List of reward scores, one per single completion.

Return type:

List[float] | None

Examples:

# From the GRPO tutorial notebook
def correctness_reward_func(prompts, completions, answer, **kwargs) -> list[float]:

    def extract_xml_answer(text: str) -> str:
        answer = text.split("<answer>")[-1]
        answer = answer.split("</answer>")[0]
        return answer.strip()

    responses = [completion[0]['content'] for completion in completions]
    q = prompts[0][-1]['content']
    extracted_responses = [extract_xml_answer(r) for r in responses]
    # x('-'*20, f"Question:\n{q}", f"\nAnswer:\n{answer[0]}", f"\nResponse:\n{responses[0]}", f"\nExtracted:\n{extracted_responses[0]}")
    return [2.0 if r == a else 0.0 for r, a in zip(extracted_responses, answer)]

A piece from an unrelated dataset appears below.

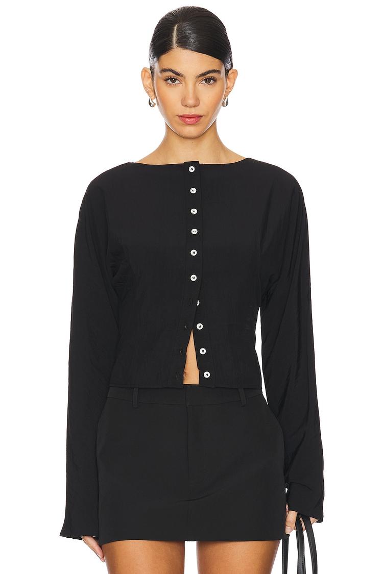 Fitted to perfection with a sleek round neck and long regular sleeves, this matte black shell top features a unique dual front and back button closure that adds a contemporary twist. Crafted from a lightweight rayon-nylon jersey fabric, it offers breathable comfort and a sophisticated silhouette at waist length. Designed for versatility, it suits casual days, workwear, and business casual settings alike, making it a chic essential for all seasons.

def strict_format_reward_func(completions, **kwargs) -> list[float]:
    """Reward function that checks if the completion has a specific format."""
    import re
    pattern = r"^<reasoning>\n.*?\n</reasoning>\n<answer>\n.*?\n</answer>\n$"
    responses = [completion[0]["content"] for completion in completions]
    matches = [re.match(pattern, r) for r in responses]
    return [0.5 if match else 0.0 for match in matches]

Notes:

Note that TRL injects into a reward function lists of prompts, completions, completion IDs, and trainer state as keyword arguments. You can use only a subset of these in your reward function signature as long as you include **kwargs, as shown in the second example above.

Depending on the dataset format, prompts and completions will be either lists of strings (standard format) or lists of message dictionaries (conversational format). Standard format is usually common for text completion tasks, simple Q&A, code generation, and mathematical reasoning. Conversational format is needed for multi-turn conversations, chat models with system prompts, role-playing scenarios, and complex dialogue systems. Make sure your reward function can handle both cases if you dataset includes both types.

The return type of every reward function must be a list of floats, one per completion. It can also return None for examples when the reward function is not applicable, which is useful for multi-task training.